Security Considerations

When working with agents that execute code, security is paramount. smolagents.js implements several safety measures:

  • Isolated Execution: Code runs in controlled Node.js VM contexts
  • Input Sanitization: All tool inputs undergo validation before execution
  • Execution Limits: Configurable timeouts and resource constraints
  • Future Enhancements: Planned Docker and WebAssembly sandboxing options

Installation

# Using npm
npm install smolagents.js

# Using yarn  
yarn add smolagents.js

# Using pnpm
pnpm add smolagents.js

Development Setup

# Clone the repository
git clone https://github.com/yusuf-eren/smolagents.js
cd smolagents.js

# Install dependencies
pnpm install

# Build the project
pnpm build

# Run tests
pnpm test

# Try examples
pnpm run example:basic

API Reference

Core Classes

  • ToolCallingAgent - Main agent class for tool-based workflows
  • OpenAIServerModel - OpenAI model integration
  • tool() - Helper function for creating custom tools

Configuration Options

interface ToolCallingAgentConfig {
  tools: Tool[];
  model: Model;
  maxSteps?: number;
  streamOutputs?: boolean;
  instructions?: string;
}

interface ToolInputDefinition {
  type: string;
  description: string;
  schema?: ZodSchema; // Optional Zod schema for validation
}

Contributing

We welcome contributions to smolagents.js!
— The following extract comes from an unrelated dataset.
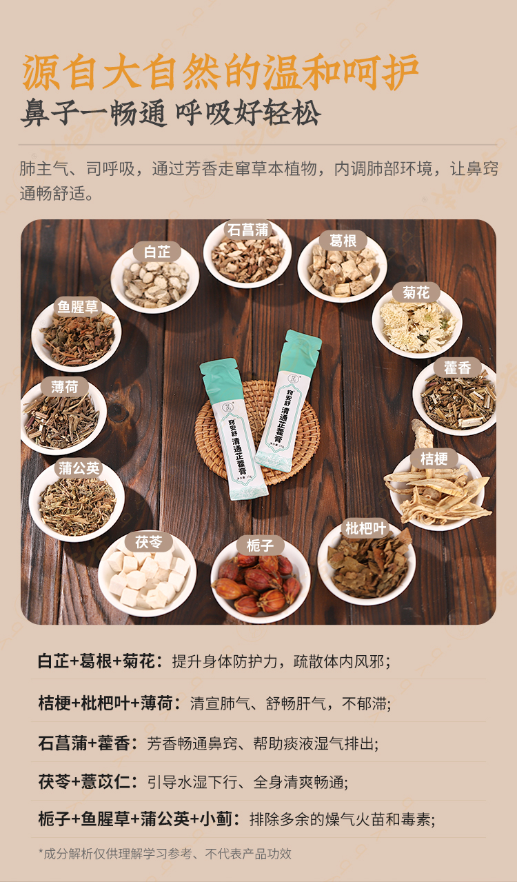 【甄选】清通芷藿膏植物精粹舒鼻呵护家庭常备180g(10g*18袋)/罐

This project aims to bring the power of agentic workflows to the JavaScript ecosystem while maintaining the simplicity and effectiveness of the original Python implementation.

Current Focus Areas:

  • Expanding LLM provider support
  • Implementing additional built-in tools
  • Improving code execution security
  • Adding comprehensive documentation

License

MIT License - see LICENSE file for details.

Links

Acknowledgments

This TypeScript implementation is inspired by and builds upon the excellent work by the HuggingFace team on the original smolagents Python library. We aim to bring the same level of simplicity and power to the JavaScript ecosystem.